Ezratic
Ezratic

Reputation: 67

HTML Comment Behavior

So, I noticed while messing around in a Magento WYSIWYG editor (of all things) that <!> renders as <!----> in the resultant HTML. It also seems that enclosing any string in <! > renders a normal <!-- [string] --> comment. I only tested this in Chrome, but this behavior seems a little odd to me. I have looked at the W3C spec on comments, as well as this little document on the MDN. Neither gave me an answer I could really wrap my head around, though; what is the significance of the comment open delimiter ("--"), and if it is left out, how does <!> seem to always result in a proper comment? Is it, perhaps, my browser just getting rid of invalid markup? Why isn't <!> just rendered as text? I know this isn't important, or even pertinent to anything at all, but I am just curious!

Upvotes: 2

Views: 72

Answers (2)

Jukka K. Korpela
Jukka K. Korpela

Reputation: 201588

Formally, the comment syntax in HTML up to HTML 4.01 is complicated, following the SGML standard, but in practice HTML was never implemented as an SGML application. An old page HTML comments by WDG briefly explains the HTML comment syntax and makes some practical notes on it. In practice, a comment should start with <!-- and end with -->. This is made formal in XHTML and in HTML5.

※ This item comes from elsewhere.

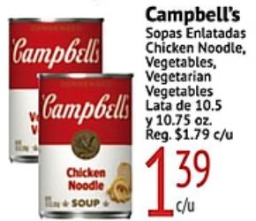 campbell campbell's sopas enlatadas chicken noodle vegetables, vegetarian vegetables lata soup reg. $c/u
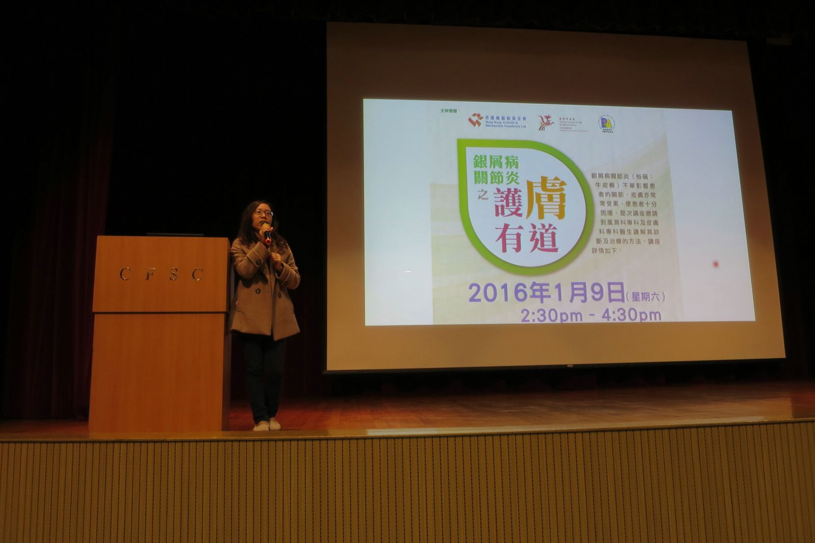 Educational Talk: PsA & Skin care was taken part in the Auditorium of Christian Family Service Centre in Kwun Tong on 9 January 2016. The talk aimed to enhance people’s understanding on the treatment and care of psoriatic arthritis (PsA). There were 41 participants in total.

But browsers have implemented comment syntax more liberally, so that you can start them with <! and end with > (even though this is not official and causes an error message from an HTML5 validator). This has been described and prescribed as required browser behavior in HTML5 parsing rules, see section 8.2.4.45 Markup declaration open state, which defines how “bogus comment state” will be entered.

Thus, <! foo > actually works (and creates a comment node in the DOM), but it is forbidden in XHTML and in HTML5.

Upvotes: 1

Camron_Godbout
Camron_Godbout

Reputation: 1633

This is talked about in a XSS demo by OWASP YoutubeVideo around the 18 minute mark. But basically its the way the browser handles the comment because it surrounds whatever you put with -- -- so if you put <!-> it goes to five <!----->.